Ability to specify default values on itemgetter and attrgetter

ptmcg · April 30, 2024, 9:50am

I’m a big fan of itemgetter and attrgetter, but sometimes when using large lists of dicts or objects, a particular key or attribute might not be present in one of the list members. I wish I could define default values to use in the event of a missing key or attribute, something like this (with similar for attrgetter):

class itemgetter:
    """
    Return a callable object that fetches the given item(s) from its operand.
    After f = itemgetter(2), the call f(r) returns r[2].
    After g = itemgetter(2, 5, 3), the call g(r) returns (r[2], r[5], r[3])

    Accepts optional keyword arguments:
    default: Default value if the single item is not found in the input mapping.
    defaults: Sequence of default values if corresponding item is not found in the input mapping.
    """
    __slots__ = ('_items', '_call', '_defaults')
    NOT_GIVEN = object()

    def __init__(self, item, /, *items, default=NOT_GIVEN, defaults=NOT_GIVEN):
        if not items:
            self._items = (item,)
            default = defaults[0] if defaults is not self.NOT_GIVEN else default
            self._defaults = (default,)
            if default is self.NOT_GIVEN:
                def func(obj):
                    return obj[item]
            else:
                def func(obj):
                    return obj.get(item, default)
            self._call = func
        else:
            self._items = items = (item,) + items
            self._defaults = defaults = defaults if defaults is not self.NOT_GIVEN else (default,)
            if defaults is self.NOT_GIVEN:
                def func(obj):
                    return tuple(obj[i] for i in items)
            else:
                def func(obj):
                    return tuple(obj.get(i, d) for i, d in zip(items, defaults))
            self._call = func

    def __call__(self, obj, /):
        return self._call(obj)

    def __repr__(self):
        if self._defaults is self.NOT_GIVEN:
            return '%s.%s(%s)' % (self.__class__.__module__,
                                  self.__class__.__name__,
                                  ', '.join(map(repr, self._items)))
        else:
            return '%s.%s(%s, defaults=(%s,))' % (self.__class__.__module__,
                                                  self.__class__.__name__,
                                                  ', '.join(map(repr, self._items)),
                                                  ', '.join(map(repr, self._defaults)))

    def __reduce__(self):
        return self.__class__, self._items, self._defaults


if __name__ == '__main__':
    dd = {'a': 1, 'b': 2, 'c': 3}
    ig = itemgetter("a", "b", "c", defaults=(0, 0, 0))
    print(repr(ig))
    print(ig(dd))
    dd.pop("b")
    print(ig(dd))

    ig = itemgetter("a", default=0)
    print(repr(ig))
    print(ig(dd))
    dd.pop("a")
    print(ig(dd))

    ig = itemgetter("a", defaults=(0,))
    print(repr(ig))
    print(ig(dd))

    ig = itemgetter("a", "b", "c", default=0)
    print(repr(ig))
    print(ig(dd))

If I polished this up (and also implemented the code in the corresponding _operator C module), would this be supported for inclusion in the stdlib operator module?

– Paul

pf_moore · April 30, 2024, 11:09am

I’m not a huge fan of the two similar-but-different default/defaults arguments. They feel awkward (to explain and use), and there’s some surprising edge cases - itemgetter("a", "b", "c", default=0) silently ignoring “b” and “c” doesn’t seem like the right behaviour.

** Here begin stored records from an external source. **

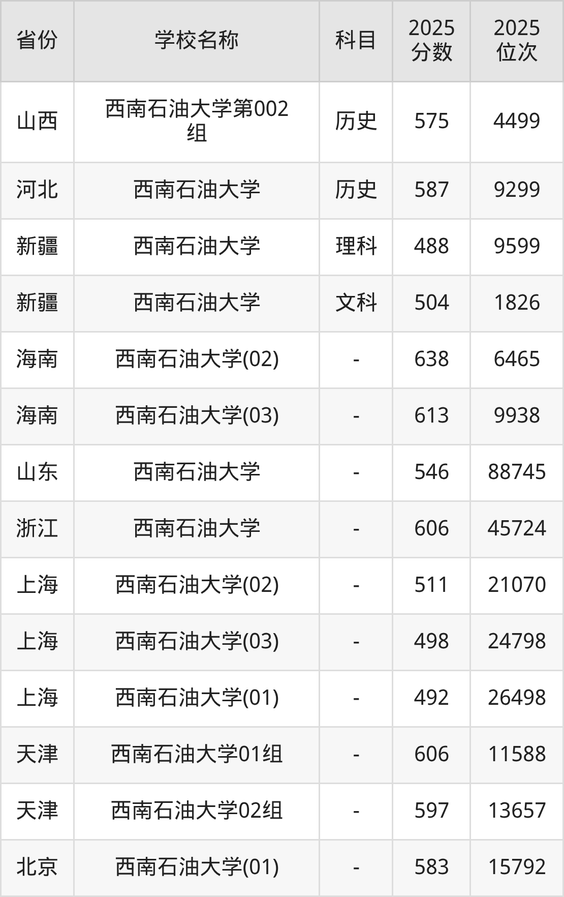 一、2025西南石油大学录取分数线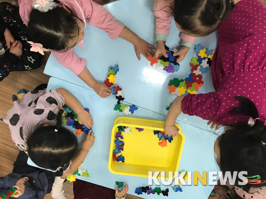 기자는 만3세 아이들이 있는 믿음 1반을 맡았다. 교사 1명이 15명을 책임져야 하는 상황을 경험하는 것이 좋을 것 같다는 원장의 권유에서다. 장난감, 책, 스티커 등을 가지고 자유롭게 선택활동을 하던 아이들은 기자가 반에 들어가자 이것저것 묻기 시작했다. 낯가림은 찾아볼 수 없었다. “선생님은 누구세요?”, “저는 다빈(가명)이에요. 얘는 수정(가명)이에요”, “저희는 지금 이걸 가지고 놀고 있어요”, “선생님이 좋아요”, “저는 이걸 잘해요”, “안아주세요”. 7~8명의 아이들이 한꺼번에 다가와 안기거나, 뽀뽀를 하며 자신들을 소개했다.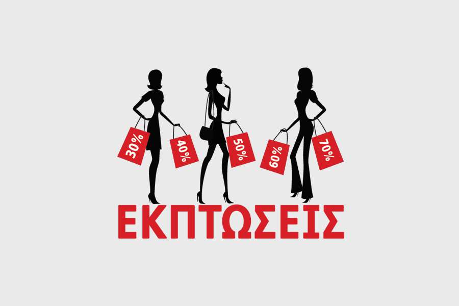 Αυτοκόλλητο βιτρίνας από βινύλιο που απεικονίζει τρεις κοπέλες που βαστάνε κόκκινες τσάντες καταστήματος με μαύρο κορδόνι που γράφουν διάφορα ποσοστά εκπτώσεων και με τη λέξη "ΕΚΠΤΩΣΕΙΣ" στο κάτω μέρος με κόκκινα γράμματα.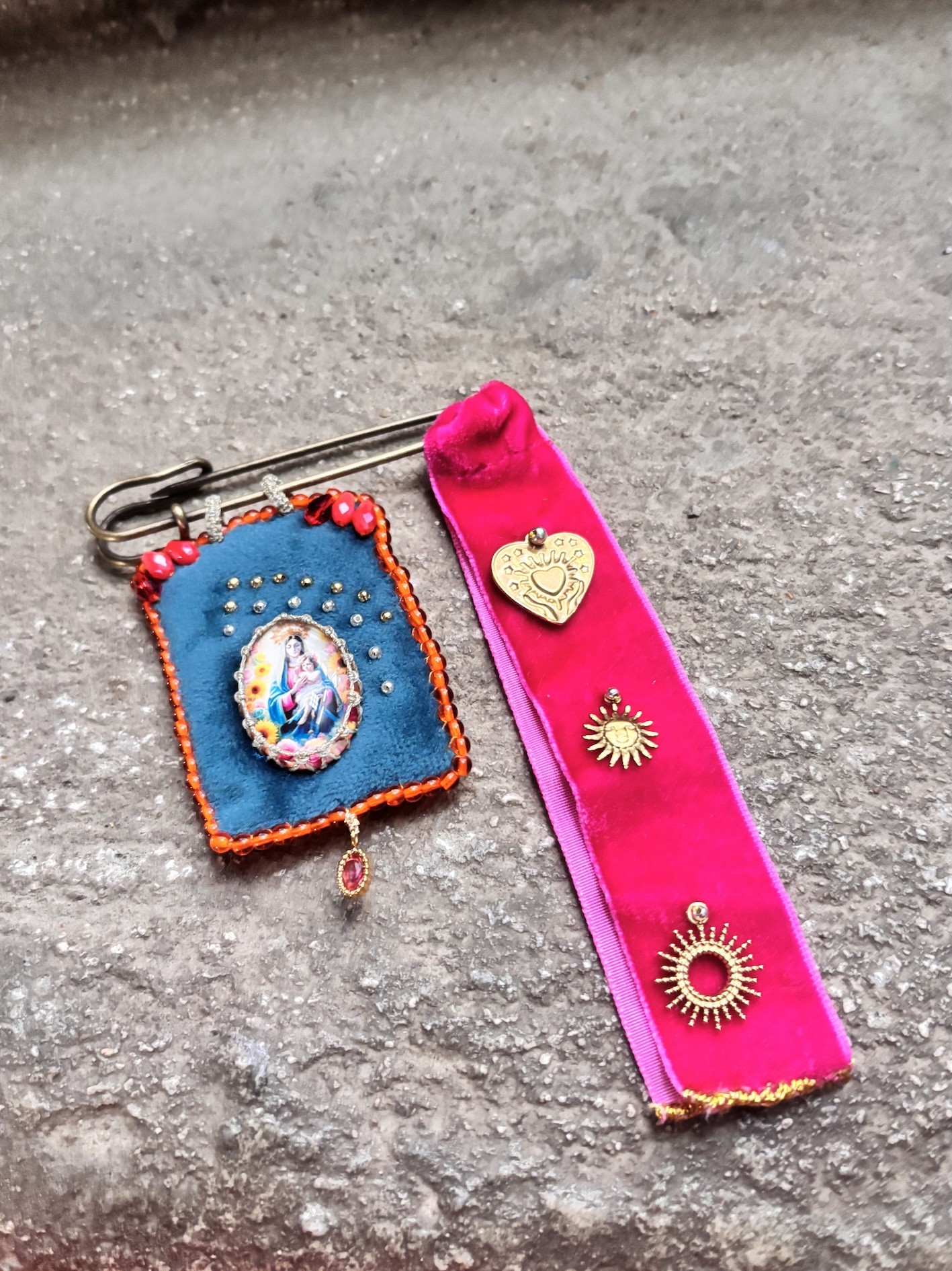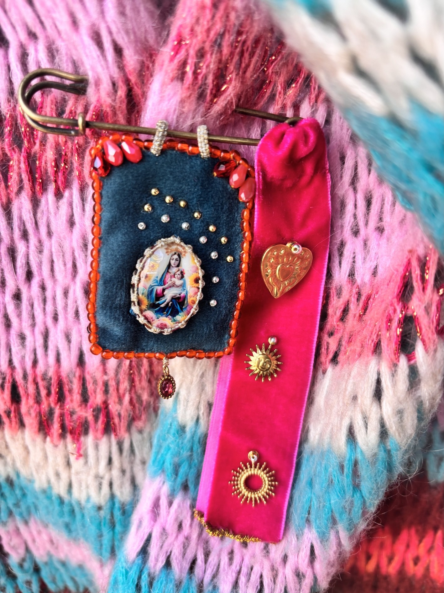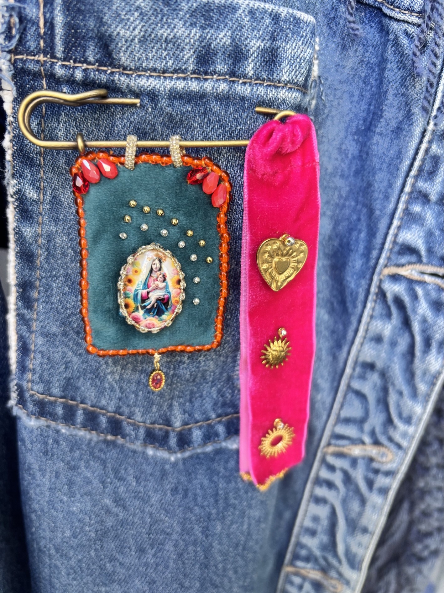 âš Cosca Pin’s Up présente : Barock n’Love, une broche bijou aussi sacrée que stylée, qui mêle ferveur, couleur et couture main. Une pièce unique pensée comme un talisman d’apparat à épingler partout.
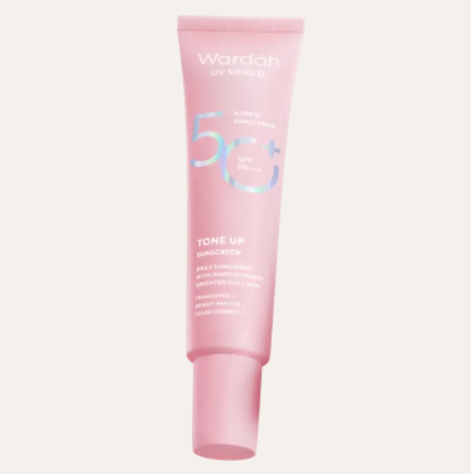 Wardah UV shield tone up sunscreen serum dengan SPF 50+ PA+++ memberikan perlindungan UV kuat sambil memberikan efek tone-up alami yang langsung mencerahkan kulit, cocok untuk semua warna kulit tanpa terlihat artifisial.

Something like the following might be a better design:

>>> def get_with_defaults(defaults):
...     def impl(d):
...         return {k: d.get(k, v) for (k, v) in defaults.items()}
...     return impl
...
>>> get_with_defaults({"a": 0, "b": 0, "c": 0})({"b": 12})
{'a': 0, 'b': 12, 'c': 0}

The idea here is that the function is called with a “template” dictionary, with the defaults given. Pass an actual dictionary to the returned callable and you get back the template “filled in” with the argument’s values.

pf_moore · April 30, 2024, 12:39pm

Sorry, I got confused about the expected result. But it’s simple enough to fix:

def get_with_defaults(defaults):
    def impl(d):
        return tuple(d.get(k, v) for (k, v) in defaults.items())
    return impl

Edit: Also, depending on your use case or preference, the signature get_with_defaults(**defaults) might be better…

ptmcg · April 30, 2024, 1:32pm

Thanks for the quick response! For the moment though, I’d like to first focus on the concept of changing itemgetter to accept default values in the case of missing keys in a given dict. ~~If that isn’t deemed of interest, then there is no point in wasting time on refining the signature.~~ [Actually, this discussion led to the simpler suggested form below.]

I also saw the odd corner case, and considered passing a dict for the defaults. The alternative you suggest would require a call to itemgetter for a single key with default would be:

get_a_with_default = itemgetter("a", defaults={"a": 0})

Repeating the key(s) in the call certainly disambiguates which default goes with which key. For that matter then, we might consider adding an alternative signature for itemgetter that just takes a dict, with the keys being the keys to pull from the object dicts, and the values being the defaults. This simplifies the call to:

get_a_with_default = itemgetter({"a": 0})

Now no weird default/defaults arg - in fact, no additional named arg at all. Just some isinstance testing in itemgetter.__init__ to detect that a dict was given.

ptmcg · April 30, 2024, 1:57pm

Something like this:

from _collections_abc import Mapping


class itemgetter:
    """
    Return a callable object that fetches the given item(s) from its operand.
    After f = itemgetter(2), the call f(r) returns r[2].
    After g = itemgetter(2, 5, 3), the call g(r) returns (r[2], r[5], r[3])
    If called with a mapping object, the callable will use the keys of the 
    mapping to select the items from the operand, using the respective values
    as defaults if the item is not present in the operand.
    """
    __slots__ = ('_items', '_call')

    def __init__(self, item, /, *items):

        if not items and not isinstance(item, Mapping):
            self._items = (item,)
            def func(obj):
                return obj[item]
            self._call = func
        else:
            if isinstance(item, Mapping):
                self._items = item
                def func(obj):
                    return tuple(obj.get(i, d) for i, d in item.items())
            else:
                self._items = items = (item,) + items
                def func(obj):
                    return tuple(obj[i] for i in items)
            self._call = func

    def __call__(self, obj, /):
        return self._call(obj)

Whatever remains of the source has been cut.